TASK DIRECTIONS:
Without changing a word, repeat the data, and include no pictures.

------ DATA SECTION ------

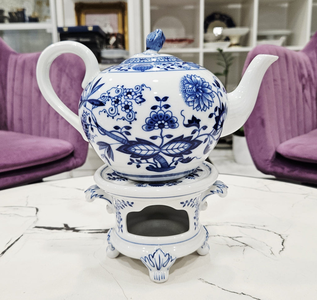 Satz von 2. "Hutschenreuther Porzellan Teekanne mit Stövchen. Blaues Zwiebelmuster
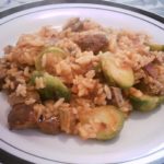 במחבת מחממים את השמן. מטגנים את הבצל קלות עד להזהבה. מוסיפים את הצ'ילי ומטגנים ביחד חצי דקה. מוסיפים את כרוב הניצנים ואת הקציצות ומטגנים עוד כשתי דקות ביחד. מוסיפים את האורז, הרסק והמים ומעט מלח, מערבבים היטב ומבשלים עד שהנוזלים מתאדים.
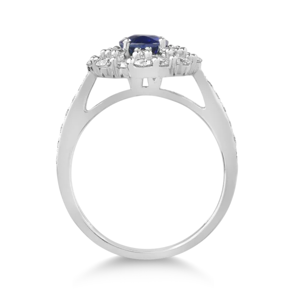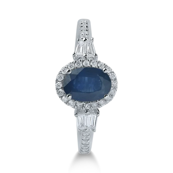 Inel din aur alb cu safir oval de 1.2ct si diamante de 0.6ct
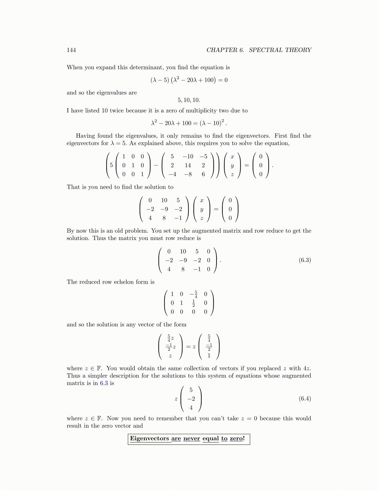 Having found the eigenvalues, it only remains to find the eigenvectors. First find theeigenvectors for λ = 5. As explained above, this requires you to solve the equation,5

------

WRITTEN SOLUTION:
 Satz von 2. "Hutschenreuther Porzellan Teekanne mit Stövchen. Blaues Zwiebelmuster
 במחבת מחממים את השמן. מטגנים את הבצל קלות עד להזהבה. מוסיפים את הצ'ילי ומטגנים ביחד חצי דקה. מוסיפים את כרוב הניצנים ואת הקציצות ומטגנים עוד כשתי דקות ביחד. מוסיפים את האורז, הרסק והמים ומעט מלח, מערבבים היטב ומבשלים עד שהנוזלים מתאדים.
 Inel din aur alb cu safir oval de 1.2ct si diamante de 0.6ct
 Having found the eigenvalues, it only remains to find the eigenvectors. First find theeigenvectors for λ = 5. As explained above, this requires you to solve the equation,5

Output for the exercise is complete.